From the annals of Improbable Research, Marc Abrahams posted "Patent application of the day: six God toilet water itching" (11/24/15)
This is for Chinese patent application CN301200531 S, filed August 7, 2009 and published May 12, 2010.
The inventors (bless their souls!) are Yú Fāngfāng 于方方 and Shī Yì 施翼.
The original Chinese name of this wondrous product is:
liùshén zhǐyǎng huālùshuǐ 六神止痒花露水 ("Six Spirits itch stopping toilet water")
The translation given above is the same as that provided by Google Translate.
Baidu Fanyi has "Toilet water Liushen itching".
Bing Translator gives "Six itch toilet water".
I find it surpassingly weird that none of the translation software conveyed one of the key componenets of the Chinese, namely, zhǐ 止 ("stop"), which is what the toilet water is supposed to do to the itching (yǎng 痒).
Normally I would not write a post about a simple translation software error unless there are extenuating circumstances, such as that the results are intrinsically whimsical or poetic, or that they lead to other, interesting questions. In this case, the translation itself is funny, and explaining it reveals a number of interesting things about Chinese civilization.
It's strange that this patent was only filed in 2009, since the product was already available for purchase in 1990, after which it quickly became famous throughout China. According to this Baidu article, it is made by a Shanghai company and has captured as much as 70% of the toilet water market in China. Perhaps they retroactively filed the patent in an (undoubtely vain) attempt to ward off imitators and imposters.
The main ingredients are said to be pearl powder and musk (zhēnzhū fěn 珍珠粉 shèxiāng 麝香).
"Toilet water" may sound strange in the context of the mistranslation of the rest of the name, but it's simply the English version of "eau de toilette". If you want to know why it's called that, read this.

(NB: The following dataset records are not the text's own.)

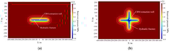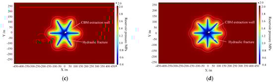 As shown in Figure 15, a CBM extraction numerical model with different hydraulic fracture morphologies is established, and the half-length of a single hydraulic fracture is 130 m. The reservoir pressure distribution after one month is calculated when one, two, three, and four hydraulic fractures exist, respectively. The superposition effect of reservoir pressure among multiple hydraulic fractures can be clearly seen. When multiple hydraulic fractures exist, CBM near fracture intersections can be fully desorbed, and the influence range of the pressure drop funnel formed in the CBM extraction process is also significant.
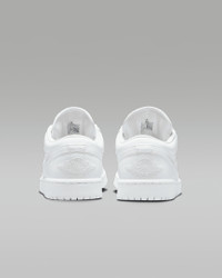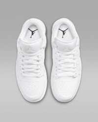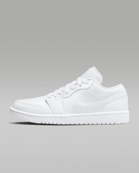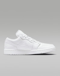 You tryna be comfortable all day, every day? We got you. The AJ1 Low has all the looks of the hoops original, with less weight and a sleek profile. Plus, they go with any 'fit—just lace up and go. Benefits - Nike Air technology absorbs impact for cushioning with every step. - Genuine and synthetic leather and textile materials combine for lightweight durability and a great fit. - Rubber outsole provides ample traction. Product Details - Jumpman logo on tongue - Stitched-down Swoosh logo - Shown: White/White/White - Style: DV0990-111
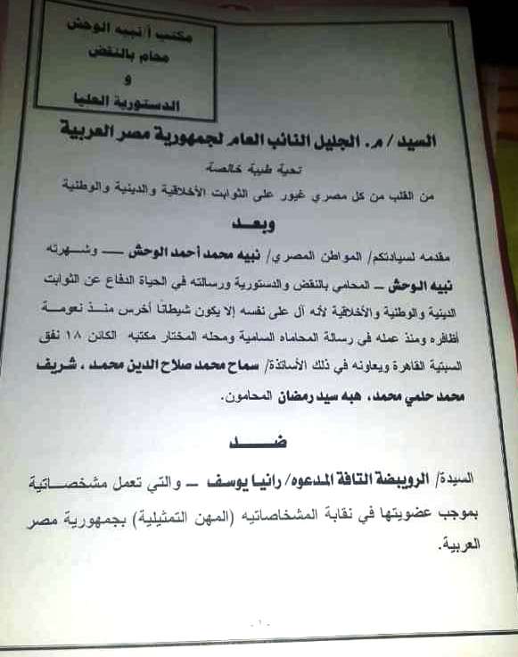 وأكد الوحش، في تصريحات صحافية، تقدمه و65 محامياً آخرين، ببلاغ للنائب العام، مؤكداً أنه يستهدف تجميع أكثر من 100 محامٍ مصري، للتصدي للفنانة رانيا يوسف، لتعديها على الثوابت الدينية، والقيم والعادات المصرية، وذلك بسبب تصريحاتها الأخيرة، وملابسها.

The standard Chinese translation for "toilet water" is that given in the name of the product under discussion: huālùshuǐ 花露水 (lit., "flower-dew-water"). Here's the Chinese Wikipedia article on that subject.
It's curious that the English version of Wikipedia takes you to the venerable Florida Water, which is an American version of Eau de Cologne, Kölnisch Wasser, or Cologne (Water).
All right, I've kept you in suspense long enough. What are those "six gods" or "six spirits" all about? In traditional Chinese culture, the concept of liùshén 六神 ("Six Spirits") can refer to several different sets of six supposedly numinous entities. These include these six organs of the body and their presiding spirits:
xīn 心 ("heart")、fèi 肺 ("lungs")、gān 肝 ("liver")、shèn 肾 ("kidneys")、pí 脾 ("spleen")、dǎn 胆 ("gall bladder")
The notion of "Six Spirits" conveys the idea of power and well-being, so they are often employed in the names of various pills and prescriptions.
Suffice it to say for this "Six Spirits itch stopping toilet water", if you're feeling itchy and apply it to your skin, then you're bound to feel good all over because it has "the power".